Marcus Comstedt (ACROSS) (Hail Ilpalazzo!) @ Pike (-) developers forum wrote:
git blame -C -C README-CVS
will allow git to traverse back through copy-modify-commit history.
Ok. It seems that I was right about the performance problem with git blame though. "git blame -C -C" on this file takes 34 seconds. "svn blame" and "cvs annotate" both give the desired result in about 1 second.
True (in this case).
To address the problem in a more generic fashion: - SVN can make note of special copy/rename/move operations in its repository; if you don't use those, SVN is not able to supply the required information at all. - Git, in a sense, has similar special copy/rename/move operations in its repository; they take the form of needing a commit with the unmodified copied/moved/renamed file, at least one commit *prior* to the commit which modifies the file.
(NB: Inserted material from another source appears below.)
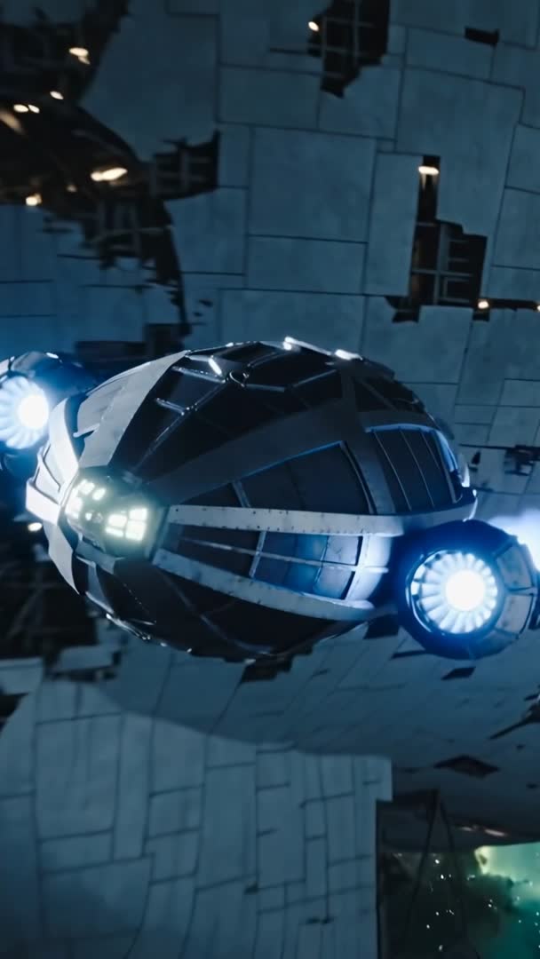 AI Generated Image. Showing armored shuttle exiting docking bay and thrusting into open space while passing derelict orbital sphere. Thrusters glowing blue and hull panels reflecting nearby debris and nebula light, camera framing emphasizing vertical ascent and forward motion. Suitable for mobile-first vertical content, trailer openers, game intros, cinematic VFX reels, or futuristic tech promos. Providing strong hero shot for title sequences, social video ads, streaming thumbnails, and book or poster covers. Allowing text overlay at top or bottom and leaving central area for subject focus. Recommending color grade tweaks for contrast and adding subtle motion blur for enhanced speed effect.

If you do so, git's performance is higher than SVN's when using blame or annotate. The nice thing is that even if you forget to tell git the file has moved (i.e. you modify the copied/moved/renamed file before committing), it still has a way of connecting history (at the cost of more CPU-cycles).
This means that, in order to keep up performance for blame, I'd need to verify there is an unmodified commit before the actual modifications; this can be easily verified and retrofitted into the git repository (in many cases it already is).